#### Task data
·····
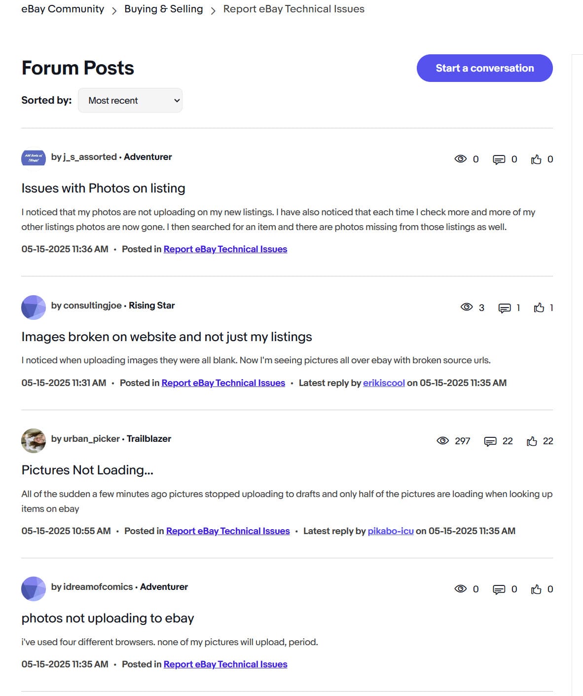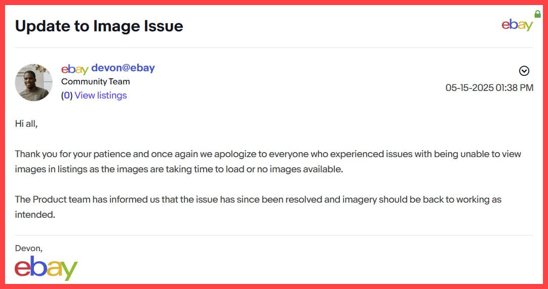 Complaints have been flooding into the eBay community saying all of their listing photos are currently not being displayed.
·····
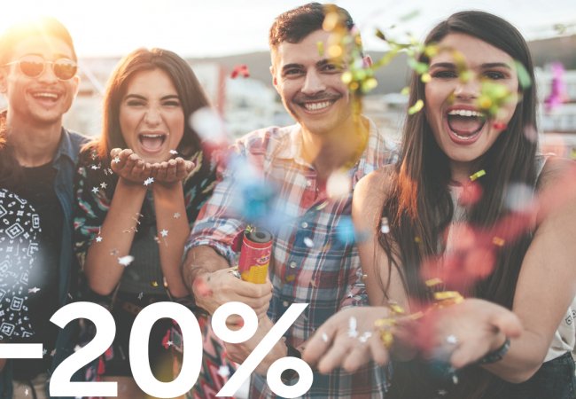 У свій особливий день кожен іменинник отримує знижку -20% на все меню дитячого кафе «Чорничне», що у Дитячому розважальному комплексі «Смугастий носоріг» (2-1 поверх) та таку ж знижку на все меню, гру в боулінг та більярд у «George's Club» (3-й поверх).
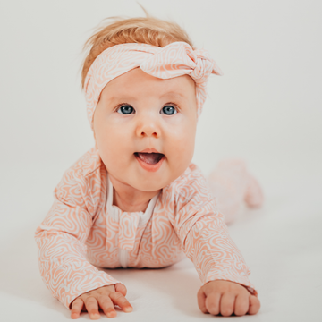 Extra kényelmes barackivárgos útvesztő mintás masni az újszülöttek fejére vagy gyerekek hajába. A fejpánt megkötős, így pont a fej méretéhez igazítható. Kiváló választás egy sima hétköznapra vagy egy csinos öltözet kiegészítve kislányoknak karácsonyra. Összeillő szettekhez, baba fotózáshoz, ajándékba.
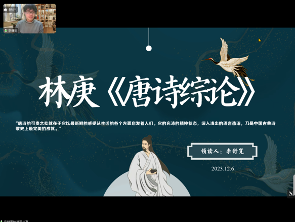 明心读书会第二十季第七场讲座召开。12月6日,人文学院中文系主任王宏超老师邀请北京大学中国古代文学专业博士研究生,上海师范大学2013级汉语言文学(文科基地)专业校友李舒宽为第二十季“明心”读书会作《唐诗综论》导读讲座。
·····
#### Exercise details
In the material above, which lines fall between the one holding "У свій особливий" and the one holding "明心读书会第二十季第七场讲座", inclusive? Print exactly those, with the pictures left out.

#### Response to the exercise
 У свій особливий день кожен іменинник отримує знижку -20% на все меню дитячого кафе «Чорничне», що у Дитячому розважальному комплексі «Смугастий носоріг» (2-1 поверх) та таку ж знижку на все меню, гру в боулінг та більярд у «George's Club» (3-й поверх).
 Extra kényelmes barackivárgos útvesztő mintás masni az újszülöttek fejére vagy gyerekek hajába. A fejpánt megkötős, így pont a fej méretéhez igazítható. Kiváló választás egy sima hétköznapra vagy egy csinos öltözet kiegészítve kislányoknak karácsonyra. Összeillő szettekhez, baba fotózáshoz, ajándékba.
 明心读书会第二十季第七场讲座召开。12月6日,人文学院中文系主任王宏超老师邀请北京大学中国古代文学专业博士研究生,上海师范大学2013级汉语言文学(文科基地)专业校友李舒宽为第二十季“明心”读书会作《唐诗综论》导读讲座。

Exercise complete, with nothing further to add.